The characters and basic elements in wayang performances can be divided into six categories.

They are (1) the celestial beings, whose higher morality cannot be understood; (2) the high castes, the brahmana, satria, and wesia; (3) the sudra servants; (4) the ogres or the giants, who represent the 'wild', and are greedy, coarse and impure; (5) scenic figures, the most important being the Tree of Life or Cosmic Tree; and (6) others, including animals, weapons and chariots.

Of the high castes, the satria are by far the largest group. In the Mahabharata, the Pandawa and the Kurawa clans and their respective followers are the warriors and administrators. Members of the Pandawa are shown as relatively virtuous and refined, while the Kurawa are coarse and rough.

A wayang performance itself is actually seen as a mystical event in which the invisible becomes visible, and something that cannot be adequately expressed in words becomes comprehensible.

Despite the changes that took place in religion and culture during the past several centuries, the wayang were maintained as a unique medium for conveying the eternal, a medium through which the interplay between man and the metaphysical world could be expressed.

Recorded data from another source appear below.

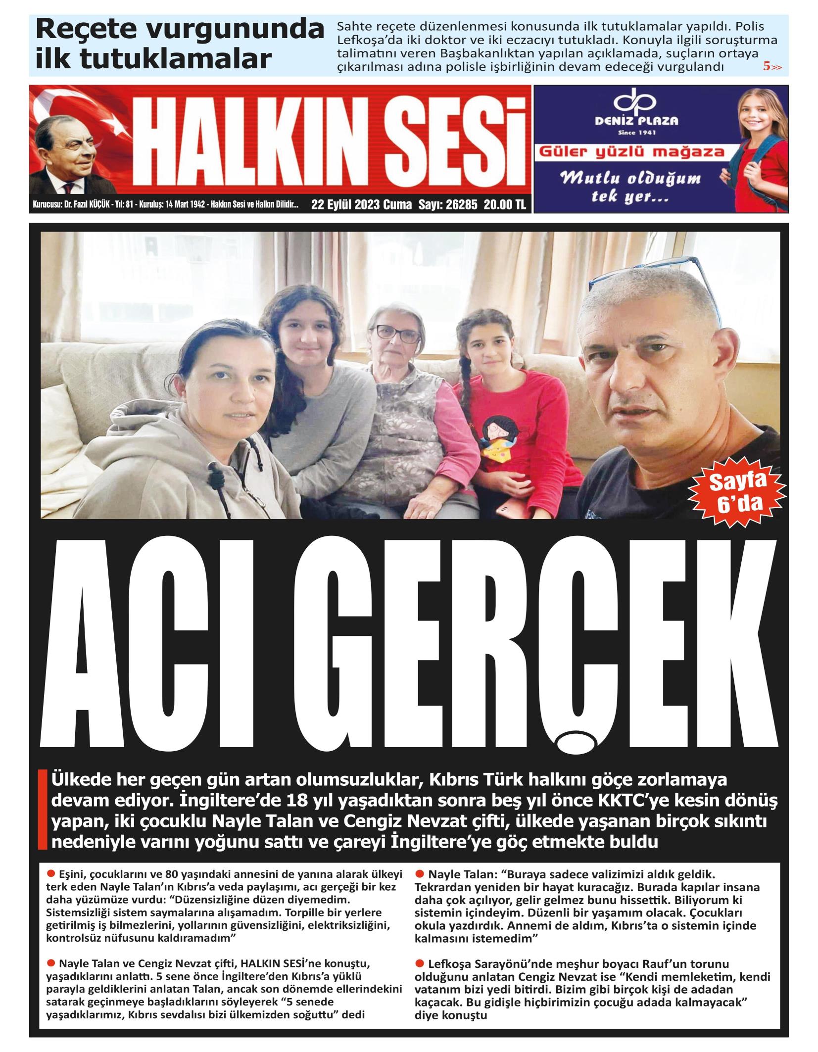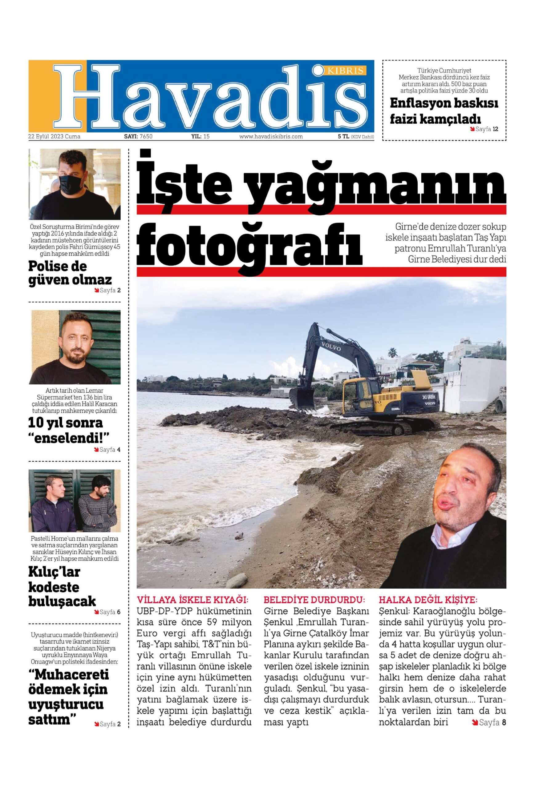 22 Eylül 2023 Cuma gazete ön sayfaları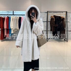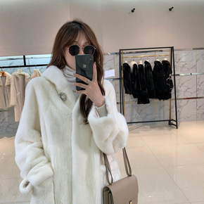 海宁新款水貂皮草女整貂中长款连帽修身款微胖貂皮大衣...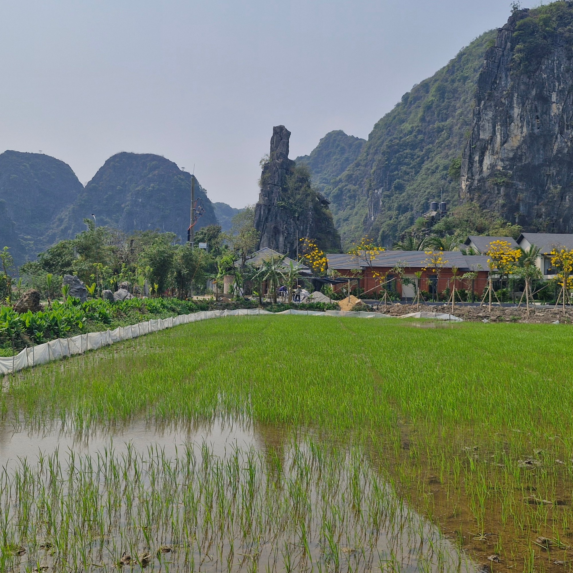 Nous sommes arrivés à Tam Coc en fin d’après-midi. Le bus nous a déposé à l’hôtel qui se situait juste autour du lac.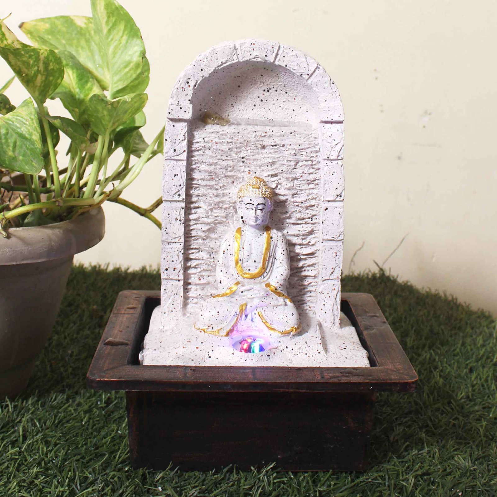 Jharna Buddha corner water fountain for home decor Small Size With Led Light - sandstone Finish 28 cm G57GX0485PGDMX

All of these facts were expressed most impressively by the Javanese poet Noto Suroto (1920) in his famous poem Wayang, translated in 1959 from the Dutch version by Frits A. Wagner in his book Arts of the World:

O Lord, let me be a wayang in Thy hands.

Whether I be hero or demon, king or commoner, animal, plant or tree, let me be a wayang in Thy hands.

Then shall I speak your tongue, whether I be valiant in the turmoil of battle or small as a child at play amongst the waringins (banyan tree).

This life of mine on earth is filled with toil and strife, and my enemies, who are many, mock me.

Their ridicule flies to its target swifter than plumed arrows; their words strike deeper than krises.

My struggle is not yet at an end.

And soon Thou wilst take me, and I shall lie amongst the thousands in darkness.

And my struggle is not yet at an end; still my enemies dance.

Lord, let me be a wayang in Thy hands.

Then after a hundred or a thousand years,

Thy hand will bestow upon my life movement once more.

Then, one day when my time has come for Thy eternity,

Thou wilst call me to Thee again and I shall speak and contend anew.

And one day my enemies will be silenced, and the demon will lie prostrate on the ground.

O Lord, let me be a wayang in Thy hands.

The writer teaches in the department of letters at Dr. Sutomo University and is studying at Denpasar's Udayana University.